• About this exercise: Reproduce exactly the lines from the one containing "It has shown" through the last line of the records below, both included. Leave out any pictures.
Start of Records
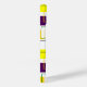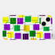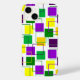 Esta capa de telefone tem um design geométrico de quadrados em roxo, amarelo e verde espalhados com seus contornos.
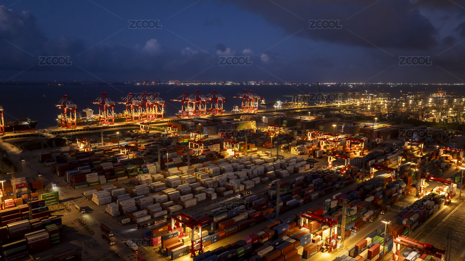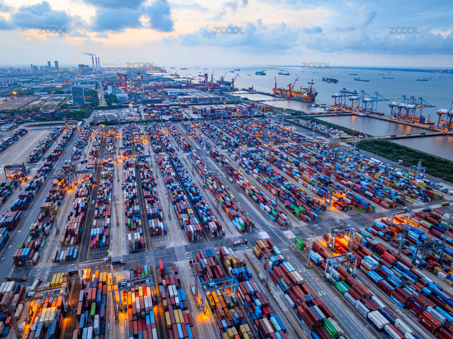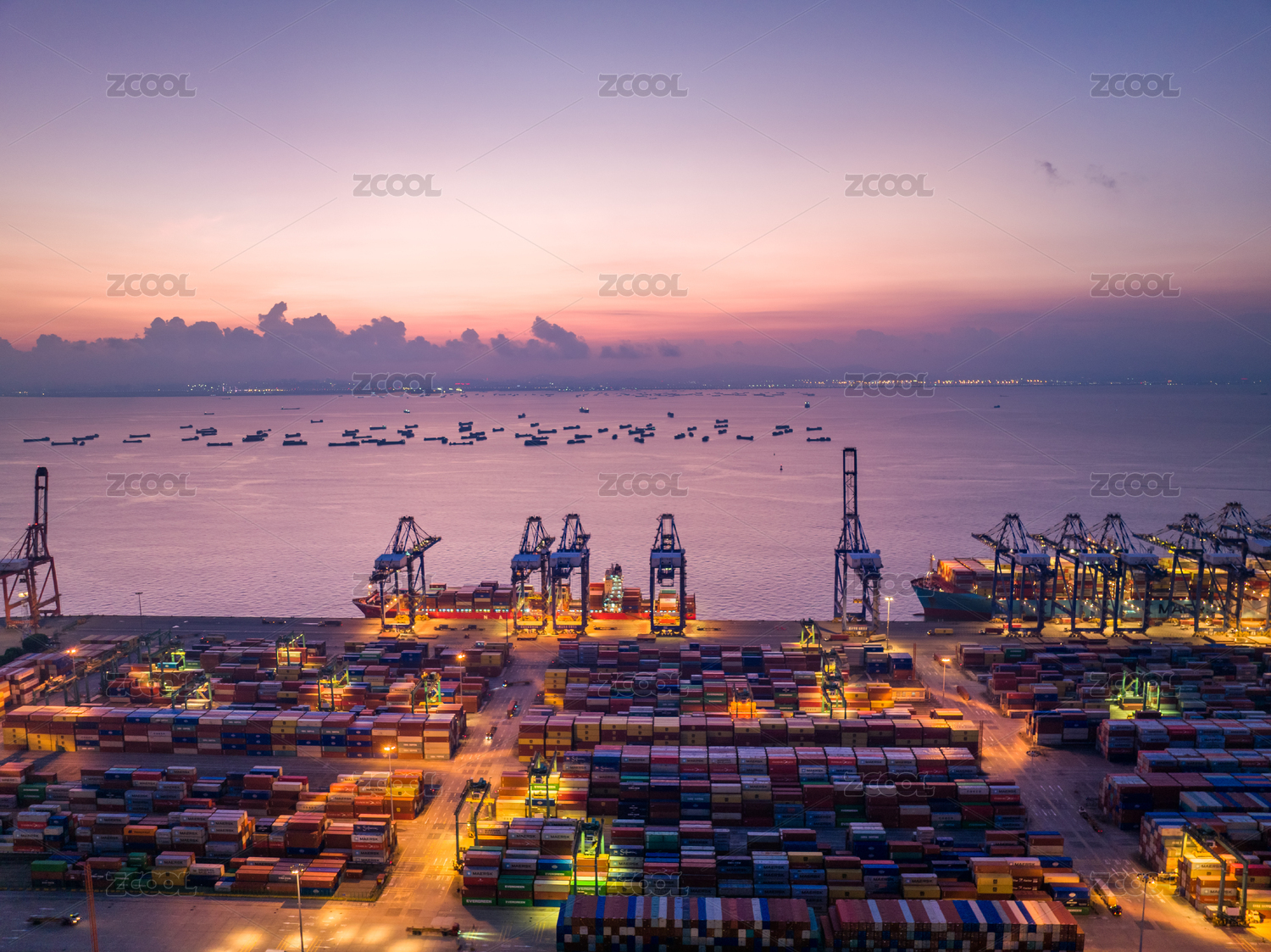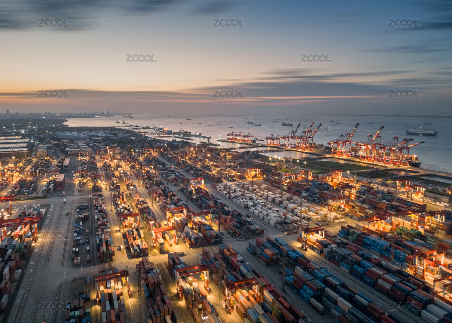 中国,浙江,舟山,嵊泗,洋山港,港口,海运,航拍,火烧云,日落
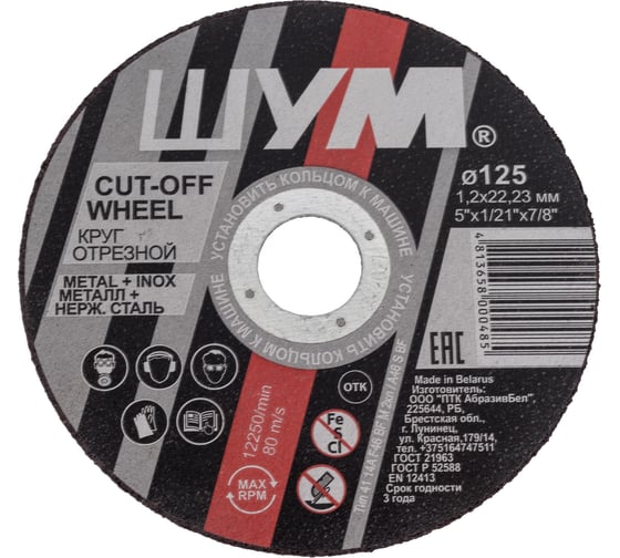 Отрезной, абразивный круг ШУМ 125x1.2x22.23 (50 шт) 125122221
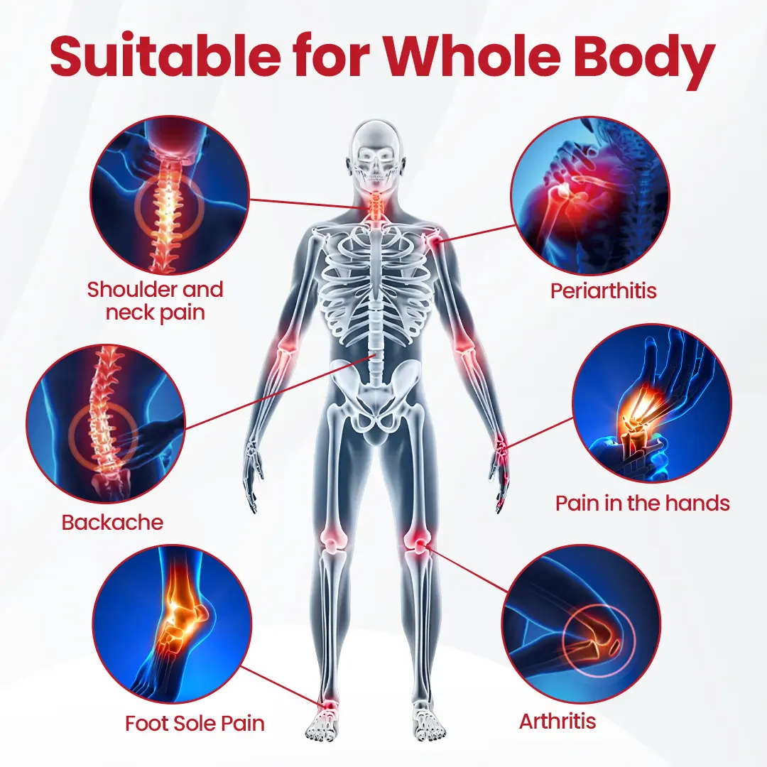 It has shown significant benefits in conditions such as osteoarthritis, rheumatoid arthritis, bursitis, tendinitis, osteoporosis, gout, carpal tunnel syndrome, ligament sprains, muscle strains, bunion deformities, and tennis elbow.
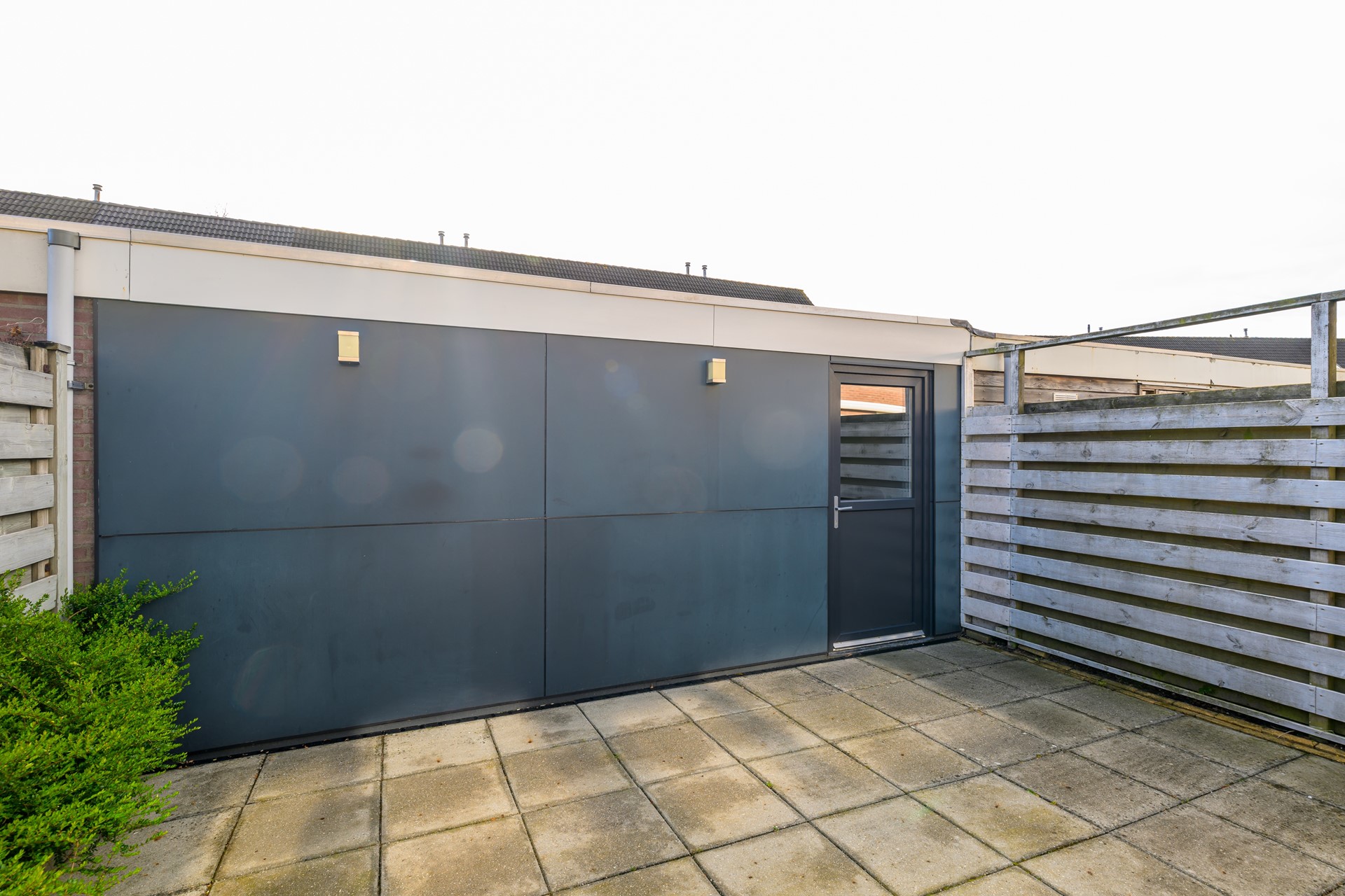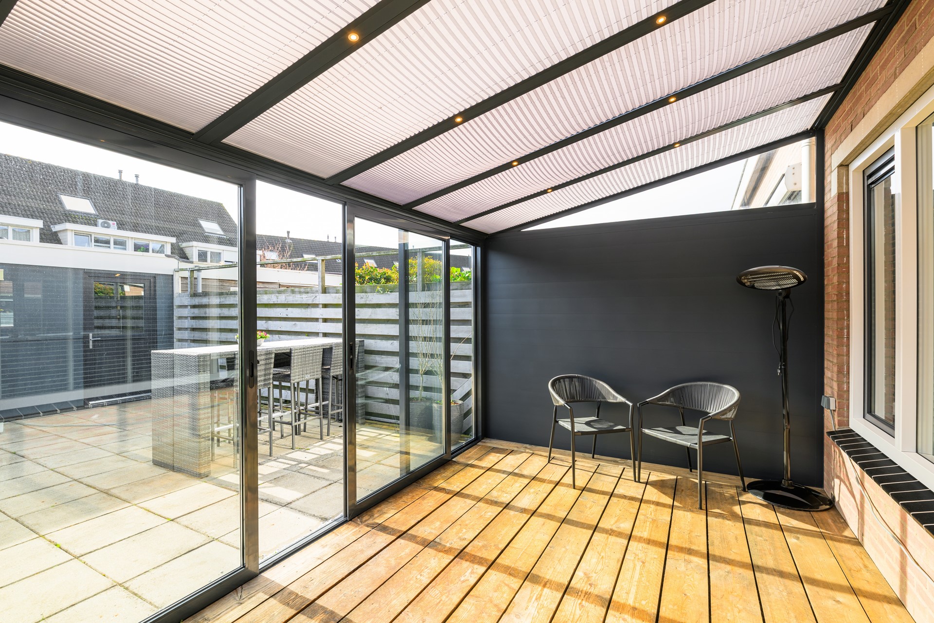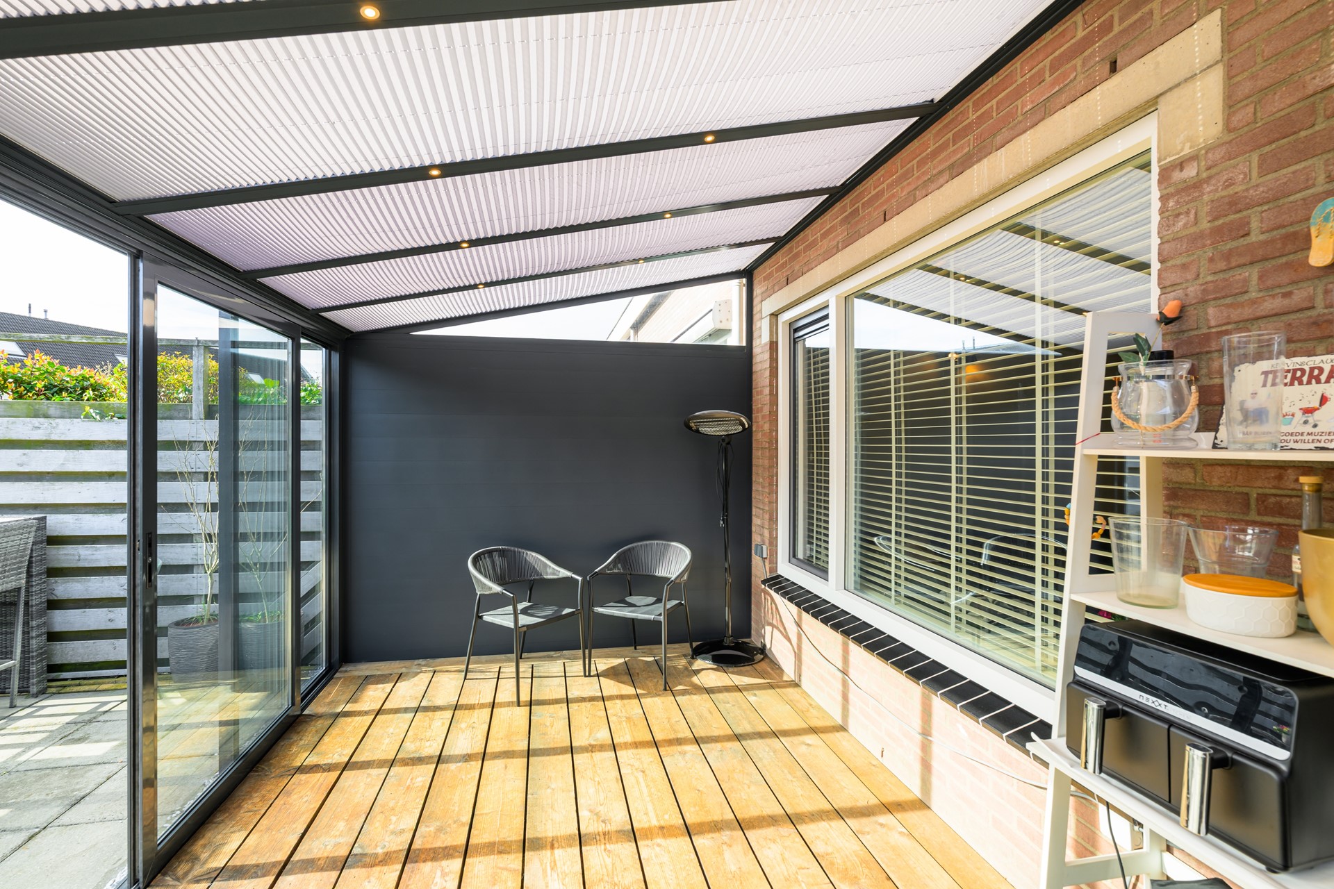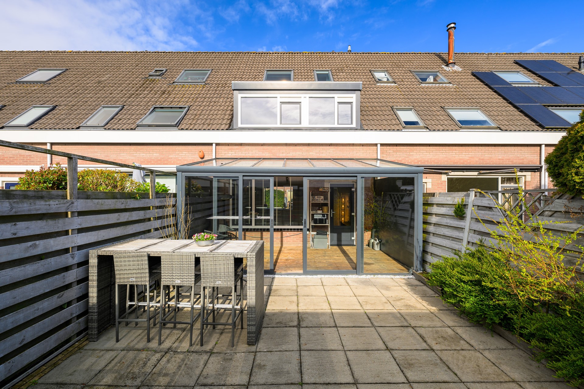 Aan de achterzijde bevindt zich de lichte serre met houten vloer en inbouwverlichting – een heerlijke extra leefruimte waar je het hele jaar door kunt genieten van het buitengevoel. Via de schuifdeur bereik je de zonnige achtertuin op het zuidoosten. De tuin biedt veel privacy en beschikt over een ruime geïsoleerde berging met elektrische roldeur, ideaal voor fietsen, motor of extra opslag.
End of Records
• Output for this task:
 It has shown significant benefits in conditions such as osteoarthritis, rheumatoid arthritis, bursitis, tendinitis, osteoporosis, gout, carpal tunnel syndrome, ligament sprains, muscle strains, bunion deformities, and tennis elbow.
 Aan de achterzijde bevindt zich de lichte serre met houten vloer en inbouwverlichting – een heerlijke extra leefruimte waar je het hele jaar door kunt genieten van het buitengevoel. Via de schuifdeur bereik je de zonnige achtertuin op het zuidoosten. De tuin biedt veel privacy en beschikt over een ruime geïsoleerde berging met elektrische roldeur, ideaal voor fietsen, motor of extra opslag.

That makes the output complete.